▶ _Task description_:
Below are records to give again exactly; omit each image they contain.

Source records:
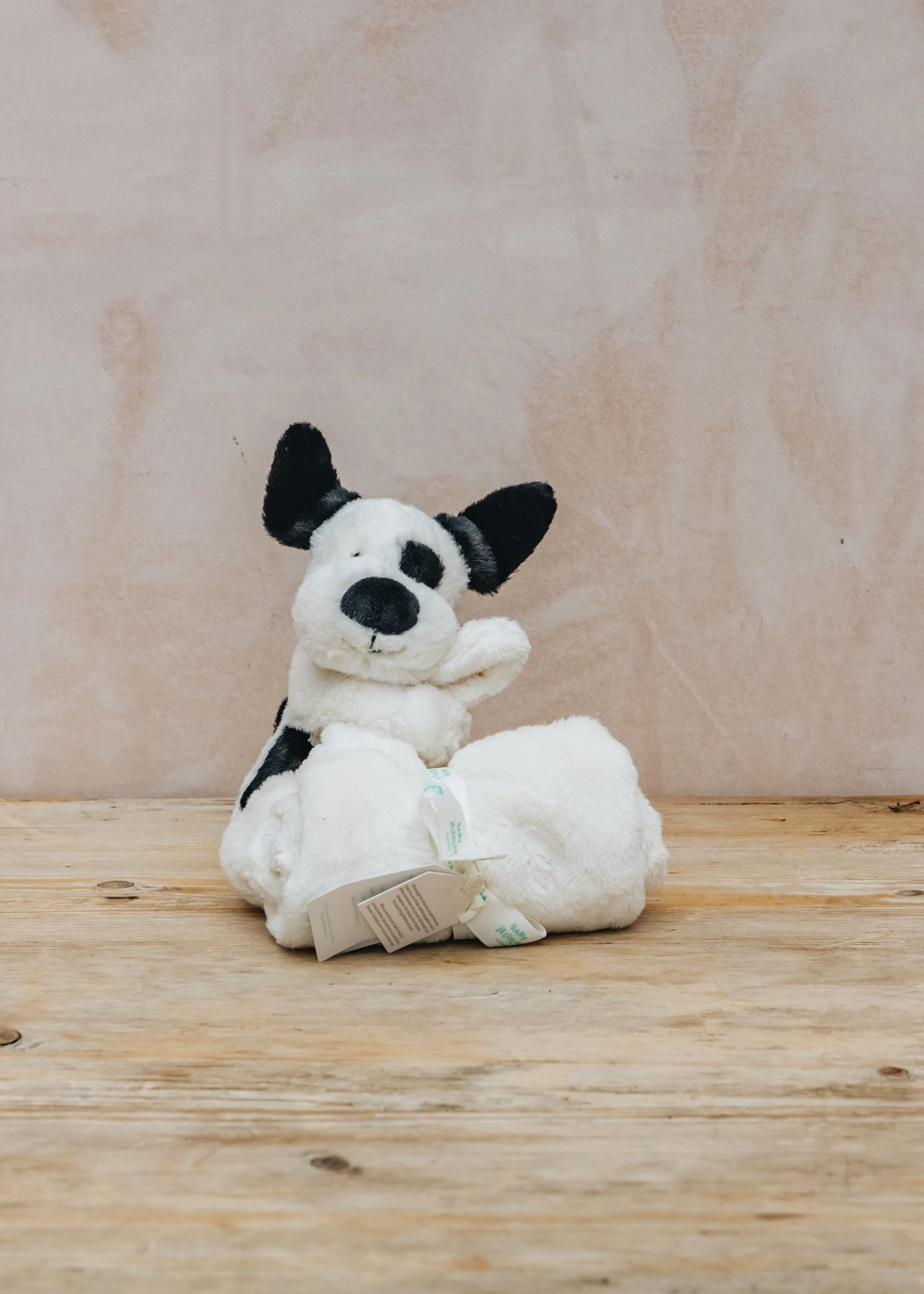 This black and cream Bashful Puppy Soother is the perfect washable present for a newborn or little one. The small, soft plush puppy has wonderful black ears for tiny fingers to grip, and holds a square, unfilled soother made of the softest plush. Presented rolled up and tied with grosgrain ribbon.
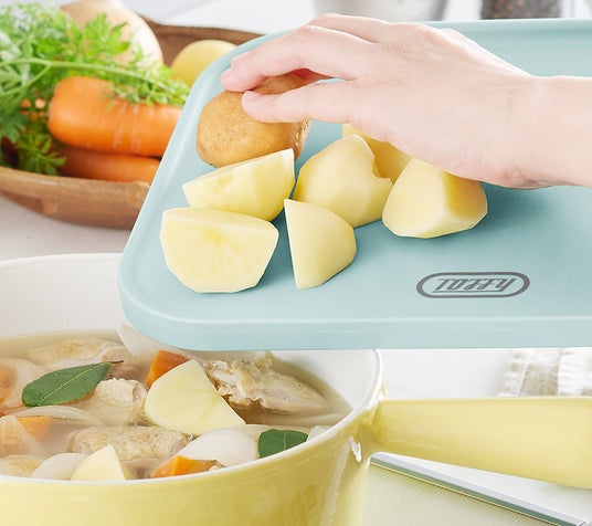 「Toffy 水切り付きカッティングボード」は、まな板としての使用に加え、裏返すことで水切りトレーとしても使える1枚2役のカッティングボードです。まな板面は、奥側にゆるやかな傾斜とフチが付いていることで、切った食材や水気がこぼれにくく、作業スペースが汚れにくいのがポイント。また、手前側はフラット形状のため、切った食材をフライパンや鍋などへ移しやすく、下ごしらえから調理までをスムーズに行えます。
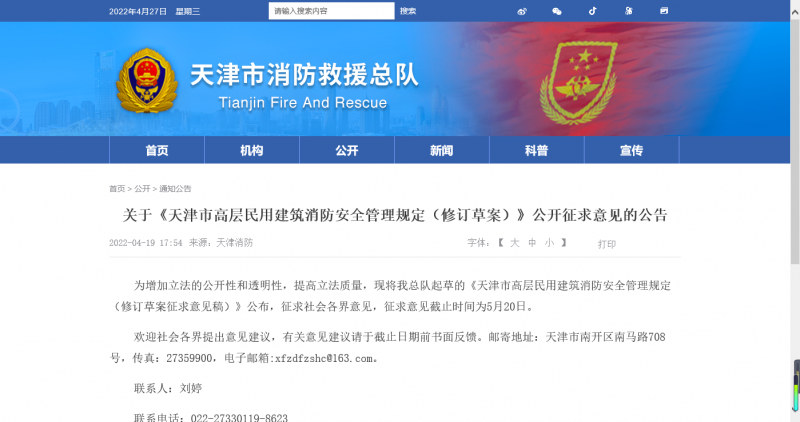 為增加立法的公開性和透明性,提高立法質(zhì)量,天津市消防救援總隊起草《天津市高層民用建筑消防安全管理規(guī)定(修訂草案征求意見稿)》,對外征求社會各界意見,征求意見截止時間為5月20日。
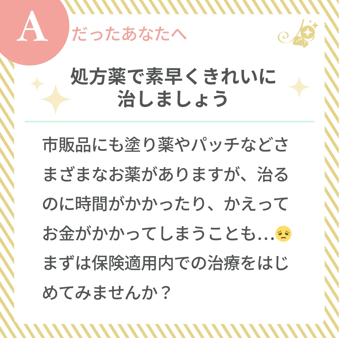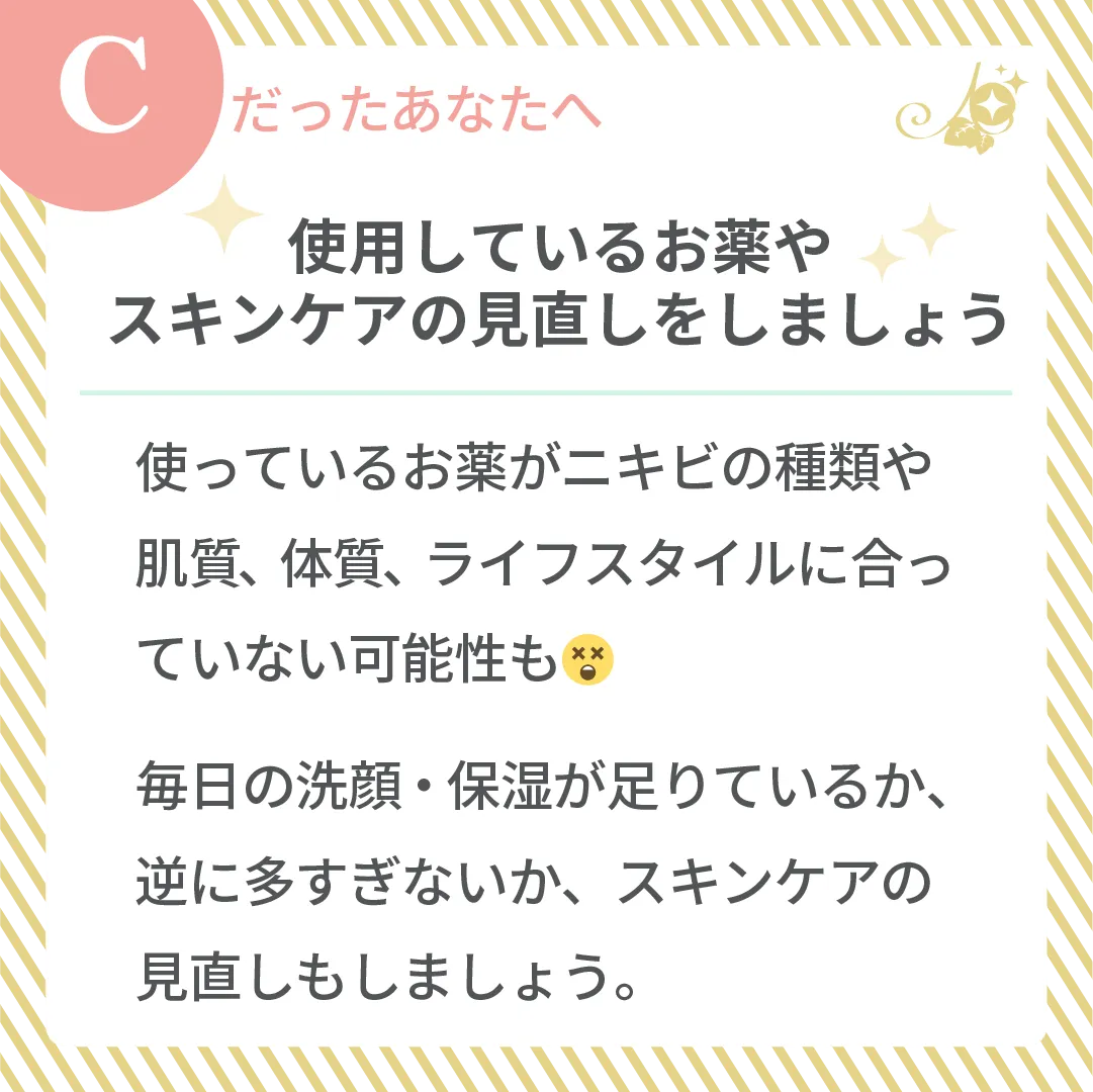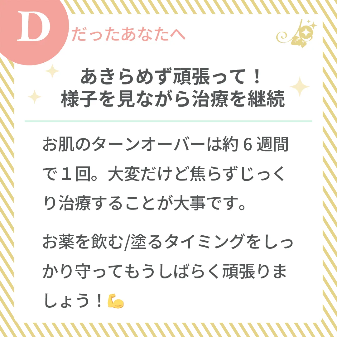 処方薬の使用を開始して3ヶ月未満のあなたへ処方薬やスキンケアの見直しをしてみましょう。まだ3ヶ月継続に満たない方は引き続き頑張りましょう!
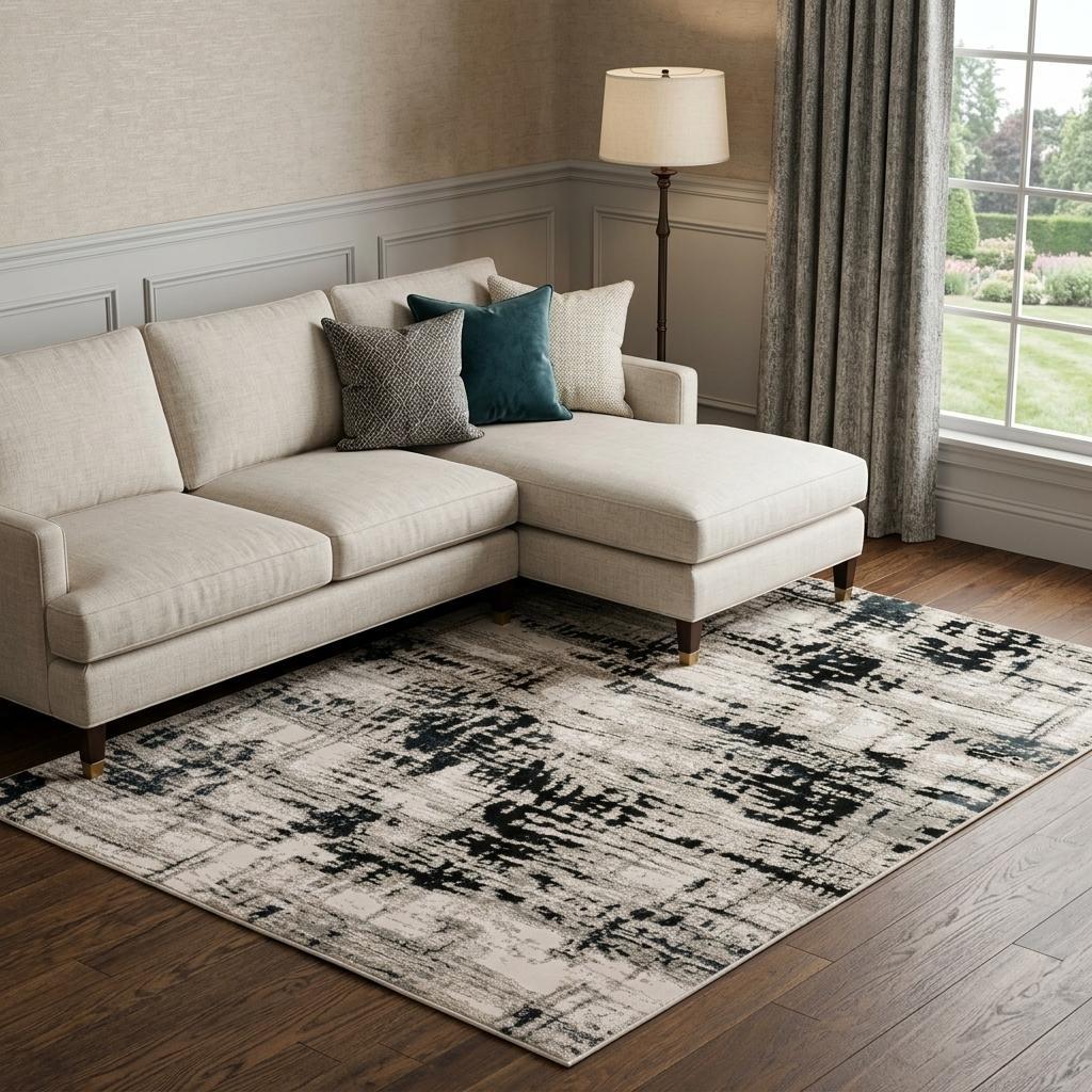 gray white abstract area rug, white abstract area rug, abstract area rug, black gray white abstract area, 9' X 12' black gray white |

▶ _Reply_:
 This black and cream Bashful Puppy Soother is the perfect washable present for a newborn or little one. The small, soft plush puppy has wonderful black ears for tiny fingers to grip, and holds a square, unfilled soother made of the softest plush. Presented rolled up and tied with grosgrain ribbon.
 「Toffy 水切り付きカッティングボード」は、まな板としての使用に加え、裏返すことで水切りトレーとしても使える1枚2役のカッティングボードです。まな板面は、奥側にゆるやかな傾斜とフチが付いていることで、切った食材や水気がこぼれにくく、作業スペースが汚れにくいのがポイント。また、手前側はフラット形状のため、切った食材をフライパンや鍋などへ移しやすく、下ごしらえから調理までをスムーズに行えます。
 為增加立法的公開性和透明性,提高立法質(zhì)量,天津市消防救援總隊起草《天津市高層民用建筑消防安全管理規(guī)定(修訂草案征求意見稿)》,對外征求社會各界意見,征求意見截止時間為5月20日。
 処方薬の使用を開始して3ヶ月未満のあなたへ処方薬やスキンケアの見直しをしてみましょう。まだ3ヶ月継続に満たない方は引き続き頑張りましょう!
 gray white abstract area rug, white abstract area rug, abstract area rug, black gray white abstract area, 9' X 12' black gray white |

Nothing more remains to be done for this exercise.